Now I am very much in favour of everyone receiving emergency first aid training. I strongly think the national curriculum should include first aid, and think everyone should consider doing a first aid course at least every three years (they aren’t particularly expensive, if you stick to the basics). I also think public access AEDs are a wonderful idea, especially as it is almost impossible to hurt someone with one.  With the emergency services giving instructions, they can become a valuable part of the chain of survival.  A lot of research has shown that, along with early effective CPR, the early use of an AED can improve the chances of a patient who isn’t breathing.

In summary, AEDs are great things and I think they should be as widely accessible as possible. However, I do have a bit of an issue with a policy the Organisation is about to bring in.

By the end of the year, all our uniformed adult members will have an AED qualification.  This is good.
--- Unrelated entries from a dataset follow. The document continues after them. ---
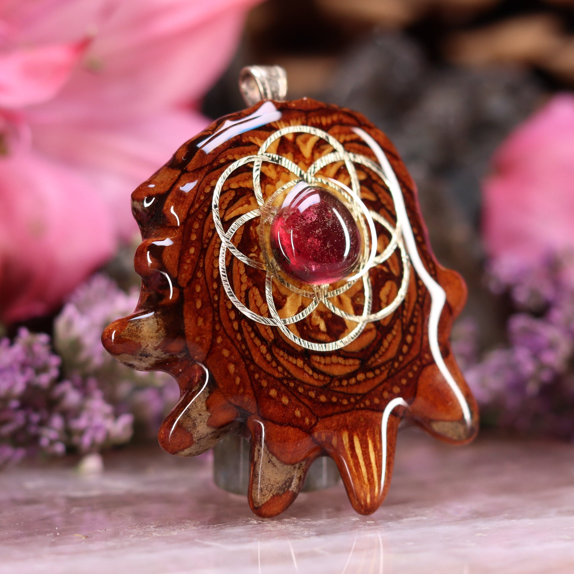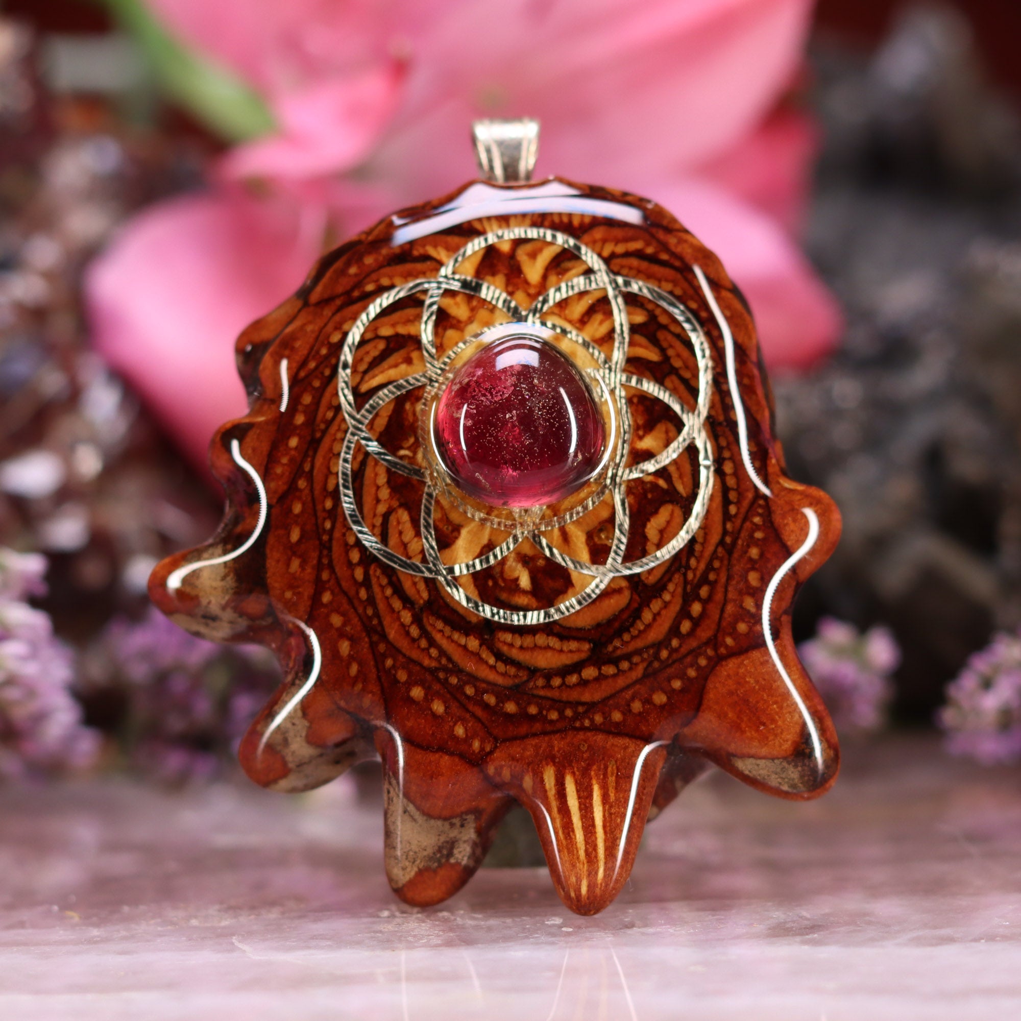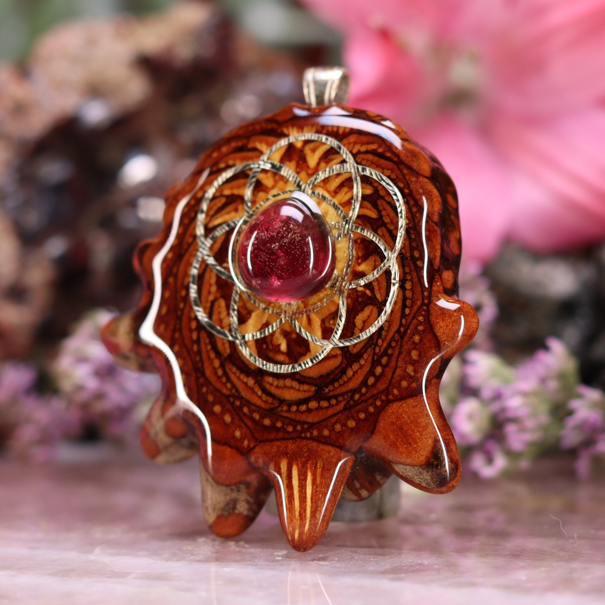 Every pinecone pendant is an elegant gift from Mother Nature -- unveiling the ornate Sacred Geometry hidden at the center of one of the world's densest Pinecones. Because only one cross-section is taken from the "heart" of each Cone, every pendant is absolutely unique, and truly one-of-a-kind.
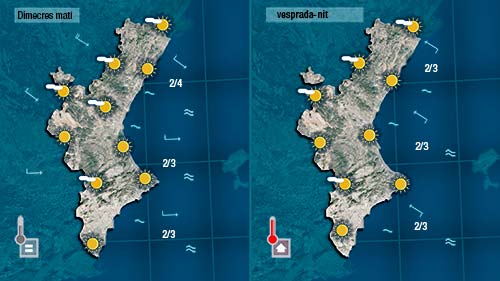 Demà dimecres encara notarem al ponent i al mestral fins a migdia, però a partir d’eixe moment acabarà bufant el vent de xaloc propiciant un lleuger descens de les temperatures a la costa. Al centre i per l’interior encara podran pujar un poc més les temperatures.
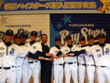 会見後は、テレビ番組の収録で今季10勝を挙げた清水直行が新入団選手と家族の前に登場。「今は自分の成功しか考えていないと思う。そのまま突き進んでほしい。それでうまく行かないことがあれば、自分に何が足りないのか整理することが大事」とエールを送った。史上初となる3年連続90敗以上での最下位に球団の身売り騒動……。明るい話題のなかった横浜だけに加地隆夫球団社長は「真冬から春を迎えようとしている。来シーズンのベイスターズに期待してください」と巻き返しを宣言した。この日、誕生した9つの新星がハマの夜空に光り輝く時、それは現実になる。(写真;最下位の反省から丸刈りになった尾花監督(中央)と新入団選手たち)

By the end of the year, all young people over the age of 11 will also have an AED qualification.  This I’m not to keen on.

It is all very well teaching these children (and let’s not forget that they are children, not little adults) CPR and other life-saving skills.  In my mind, this allows them to approach a scene with the confidence to deal with whatever they find until backup (in the form of an adult, ideally an adult first aider) gets there.  Part of the protocol for a patient who requires resuscitation is to summon an AED and someone who can use it.

In principle, giving these young people this extra skill is fine.  They can’t really hurt themselves with the AED (short of hitting themselves over the head with it) and it could help save someone’s life.  On paper, that’s brilliant, but, if you think the entire scenario through, there are real issues here.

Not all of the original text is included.